The album as released in the United Kingdom was noted for omitting "I Only Want to Be with You", at that time the band's internationally successful single, from its track listing. Instead, it featured "Money Honey", which served as the album's lead single in the UK; this track had previously been featured on the North America–only release Rock n' Roll Love Letter (1976).

==Release==
The album was supported by a total of seven singles: five released internationally and two released exclusively in North America. "Yesterday's Hero", "Dedication", "Money Honey", "Rock and Roll Love Letter" and a cover of "Don't Worry Baby" by the Beach Boys were released internationally as singles, while their cover of "I Only Want to Be with You" was released exclusively in the United States from the album. Elsewhere, "I Only Want to Be with You" was released as a non-album single. Upon its release Dedication peaked at number four on the UK Albums Chart, but sales were lower than expected in the territory, selling fewer than 100,000 copies. The album fared better in the United States where it peaked at number 26 on the US Billboard 200 albums chart, selling in excess of 500,000 copies. The release of the album is considered by Simon Spence as the beginning of a commercial decline for the band.

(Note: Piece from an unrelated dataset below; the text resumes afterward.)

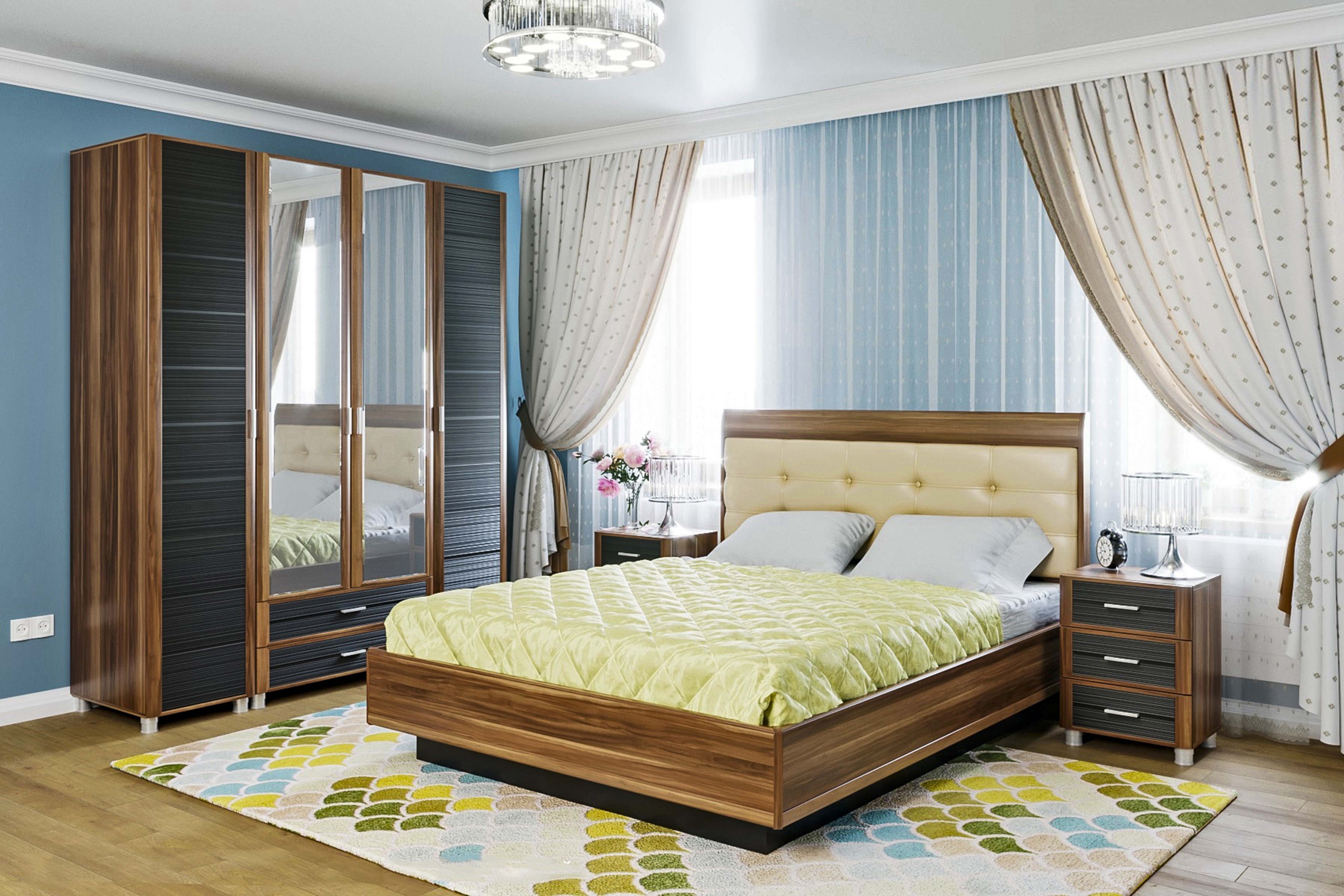 Спальня комплект Лером Камелия из МДФ 180*200 см Слива Валлис - комбинированный (ler-1107)
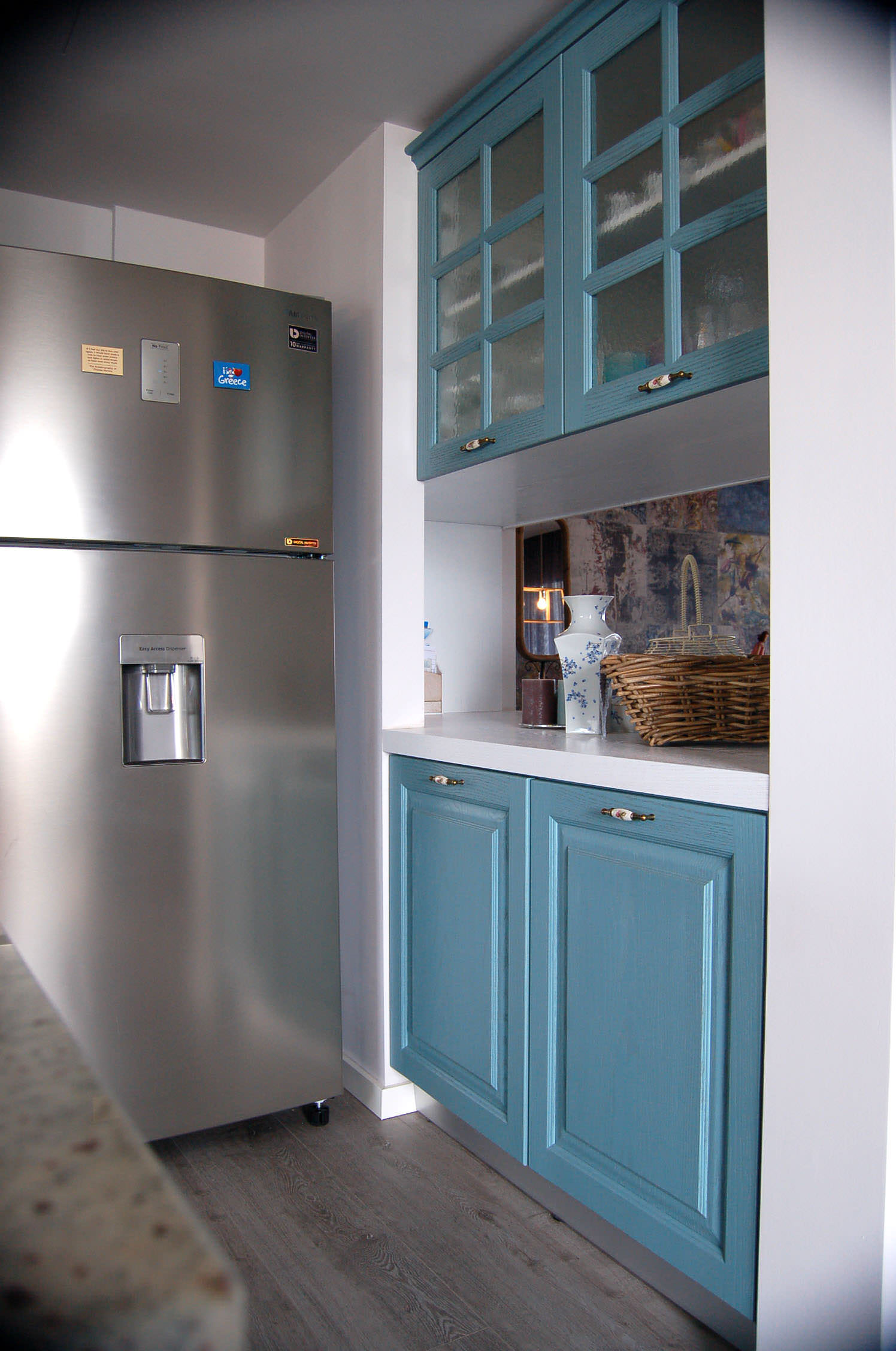 The solid wood in light blue compliments the kitchen area, as the design synthesis creates a nostalgic feeling that celebrates the #morethanliving concept.

To promote the release of the album, the Bay City Rollers embarked on a worldwide tour that grossed $2 million, which included sales from merchandise. The album was subsequently certified silver by the British Phonographic Industry (BPI) and gold by the Recording Industry Association of America (RIAA).

==Track listing==

===UK edition===
1. "Let's Pretend" (Eric Carmen)
2. "You're a Woman" (Eric Faulkner, Stuart Wood)
3. "Rock 'N Roller" (Faulkner, Wood)
4. "Don't Worry Baby" (Brian Wilson, Roger Christian)
5. "Yesterday's Hero" (Harry Vanda, George Young)
6. "My Lisa" (Tony Sciuto, Sammy Egorin)
7. "Money Honey" (Faulkner, Wood)
8. "Rock 'N Roll Love Letter" (Tim Moore)
9. "Write a Letter" (Wood, Les McKeown, Ian Mitchell)
10. "Dedication" (Guy Fletcher, Doug Flett)

===US edition===
1. "Let's Pretend" (Carmen) – 3:31
2. "You're a Woman" (Faulkner, Wood) – 4:15
3. "Rock 'N Roller" (Faulkner, Wood) – 3:30
4. "I Only Want to Be with You" (Mike Hawker, Ivor Raymonde) – 3:27
5. "Yesterday's Hero" (Vanda, Young) – 4:33
6. "My Lisa" (Scutio, Egorin) – 3:35
7. "Don't Worry Baby" (Wilson, Christian) – 3:03
8. "Are You Cuckoo?" (Russ Ballard) – 4:05
9. "Write a Letter" (Wood, McKeown, Mitchell) – 3:47
10. "Dedication" (Fletcher, Flett) – 3:54

==Personnel==
- Les McKeown – lead and backing vocals
- Eric Faulkner – lead guitar, backing vocals; co-lead vocals on "Rock 'N Roller"
- Ian Mitchell – rhythm guitar, backing vocals; lead vocals on "Dedication"
- Stuart "Woody" Wood – bass, backing vocals; co-lead vocals on "Rock 'N Roller"
- Derek Longmuir – drums, percussion, backing vocals

==Charts==

===Weekly charts===

| Chart (1976) | Peak position |
|---|---|
| Australian Albums (Kent Music Report) | 3 |
| Austrian Albums (Ö3 Austria) | 21 |
| Canadian Albums (RPM) | 5 |
| Finnish Albums (Suomen virallinen lista) | 3 |
| German Albums (Offizielle Top 100) | 5 |
| Japanese Albums (Oricon) | 1 |
| New Zealand Albums (RIANZ) | 6 |
| Swedish Albums (Sverigetopplistan) | 38 |
| Swiss Albums (Schweizer Hitparade) | 5 |
| UK Albums (Official Charts) | 4 |
| US Billboard 200 | 26 |
| Zimbabwean Albums (ZIMA) | 13 |

===Year-end charts===

| Chart (1977) | Position |
|---|---|
| German Albums (Offizielle Top 100) | 9 |

==Certifications==

| Region | Certification | Certified units/sales |
| United Kingdom (BPI) | Silver | 60,000^{^} |
| United States (RIAA) | Gold | 500,000^{^} |
^{^} Shipments figures based on certification alone.